[BUG] Locally finetune failed

Question

[BUG] Locally finetune failed

forcekeng opened this issue a year ago · 2 comments

Describe the bug
I follow the Quick Start in README to finetune the model on my local GPU machine, but an error occured.
To Reproduce
The code I input is:

git clone -b v0.0.5 https://github.com/OptimalScale/LMFlow.git
...
cd data && ./download.sh alpaca && cd -

./scripts/run_finetune.sh \
  --model_name_or_path gpt2 \
  --dataset_path data/alpaca/train \
  --output_model_path output_models/finetuned_gpt2

which just follows the Quick Start. I use the master branch, this error still exists.

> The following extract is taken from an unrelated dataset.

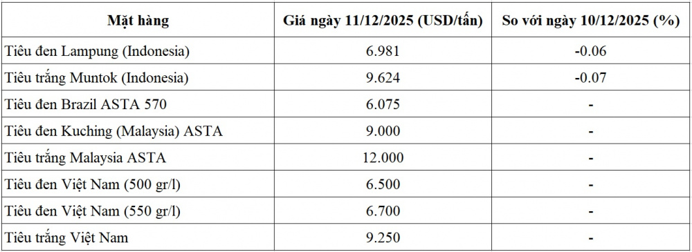 Giá tiêu hôm nay ngày 11/12/2025 tại thị trường thế giới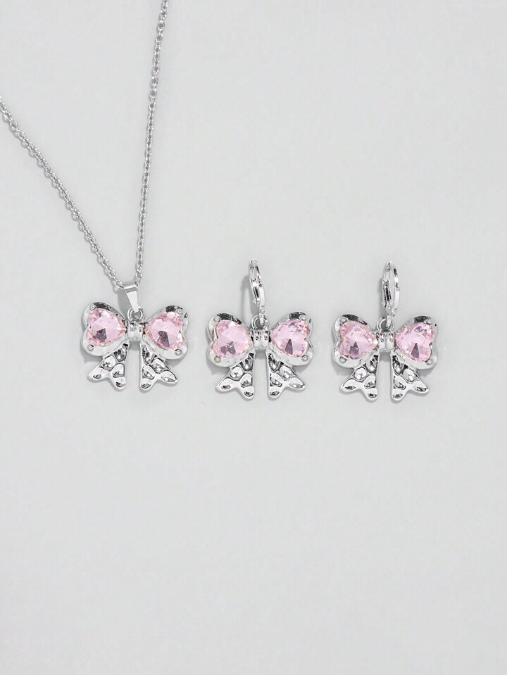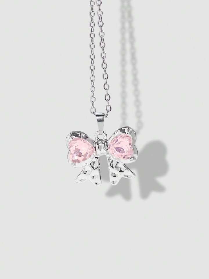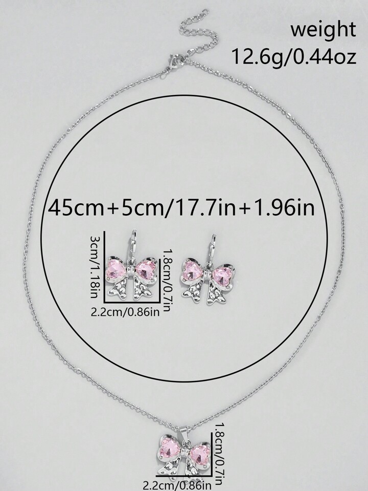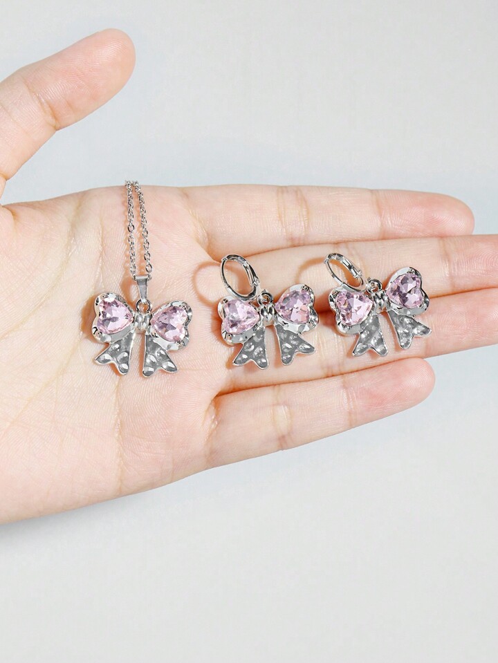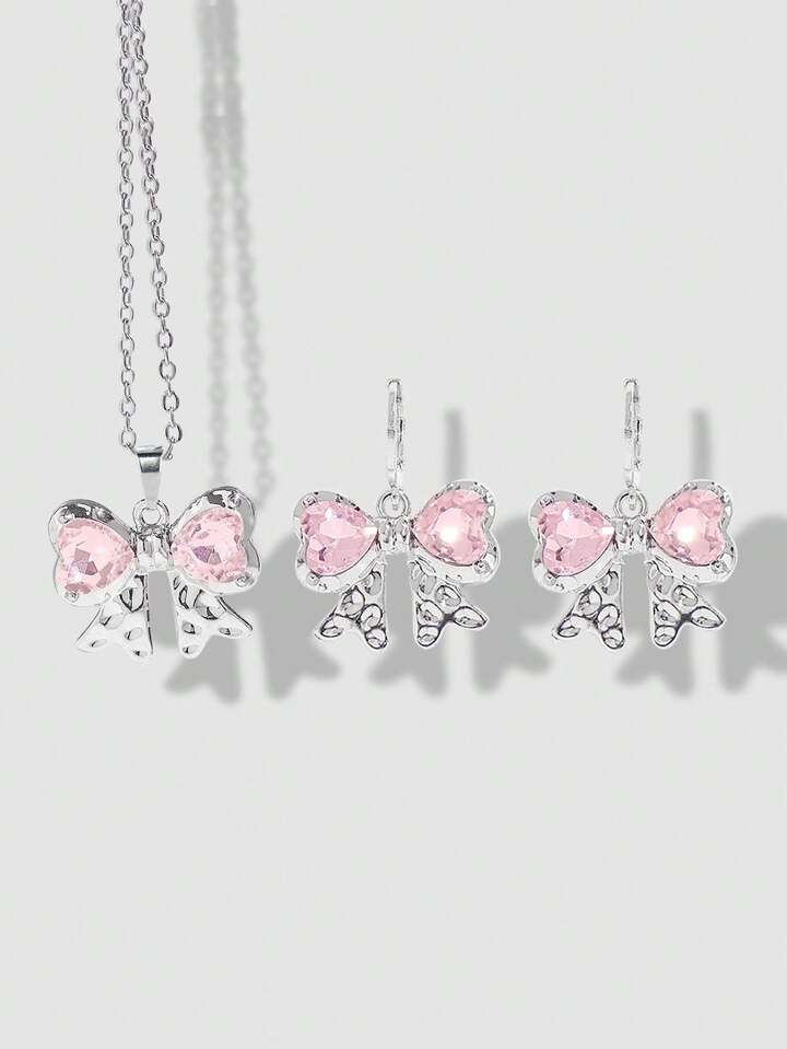 Kawaii 1 Set Mädchens rosa herzförmiger Glas Kristall Anhänger Edelstahl Kette und Kupfer Ohrringe Set mit Schleifen Design

The error is (the same to the screenshot):

[2023-10-22 14:41:35,628] [WARNING] [comm.py:152:init_deepspeed_backend] NCCL backend in DeepSpeed not yet implemented
[2023-10-22 14:41:35,628] [INFO] [comm.py:616:init_distributed] cdb=None
[2023-10-22 14:41:35,628] [INFO] [comm.py:643:init_distributed] Initializing TorchBackend in DeepSpeed with backend nccl
10/22/2023 14:41:36 - WARNING - lmflow.pipeline.finetuner - Process rank: 0, device: cuda:0, n_gpu: 1,distributed training: True, 16-bits training: True
10/22/2023 14:41:38 - WARNING - datasets.builder - Found cached dataset json (file:///home/u20/.cache/huggingface/datasets/json/default-35bfd20777bfc767/0.0.0/0f7e3662623656454fcd2b650f34e886a7db4b9104504885bd462096cc7a9f51)
Traceback (most recent call last):
  File "/home/u20/project/LMFlow/examples/finetune.py", line 61, in <module>
    main()
  File "/home/u20/project/LMFlow/examples/finetune.py", line 53, in main
    dataset = Dataset(data_args)
  File "/home/u20/project/LMFlow/src/lmflow/datasets/dataset.py", line 102, in __init__
    raw_dataset = load_dataset(
  File "/home/u20/miniconda3/envs/lmflow/lib/python3.9/site-packages/datasets/load.py", line 1794, in load_dataset
    ds = builder_instance.as_dataset(split=split, verification_mode=verification_mode, in_memory=keep_in_memory)
  File "/home/u20/miniconda3/envs/lmflow/lib/python3.9/site-packages/datasets/builder.py", line 1089, in as_dataset
    raise NotImplementedError(f"Loading a dataset cached in a {type(self._fs).__name__} is not supported.")
NotImplementedError: Loading a dataset cached in a LocalFileSystem is not supported.
[2023-10-22 14:41:38,710] [INFO] [launch.py:315:sigkill_handler] Killing subprocess 12411
[2023-10-22 14:41:38,710] [ERROR] [launch.py:321:sigkill_handler] ['/home/u20/miniconda3/envs/lmflow/bin/python', '-u', 'examples/finetune.py', '--local_rank=0', '--model_name_or_path', 'gpt2', '--dataset_path', 'data/alpaca/train', '--output_dir', 'output_models/finetuned_gpt2', '--overwrite_output_dir', '--num_train_epochs', '0.01', '--learning_rate', '2e-5', '--block_size', '512', '--per_device_train_batch_size', '1', '--deepspeed', 'configs/ds_config_zero3.json', '--fp16', '--run_name', 'finetune', '--validation_split_percentage', '0', '--logging_steps', '20', '--do_train', '--ddp_timeout', '72000', '--save_steps', '5000', '--dataloader_num_workers', '1'] exits with return code = 1

Screenshots

Desktop (please complete the following information):

OS: WSL2 Ubuntu20.04.6
torch 2.0.1+cu118
nvcc 11.3

Card info:

Additional context
It seems that it's not an error about the GPU or torch, I guess this Repo is built for distributed system, but I run it on a single machine.

Answer 1 · 2023-10-23T15:22:27.000Z

For me, pinning fsspec<2023.10.0 fixed this issue. See huggingface/datasets#6330.

Answer 2 · 2023-10-26T05:46:30.000Z

@nicola-v Thanks. It works by pip install fsspec==2023.9.2 follow the huggingface/datasets#6330.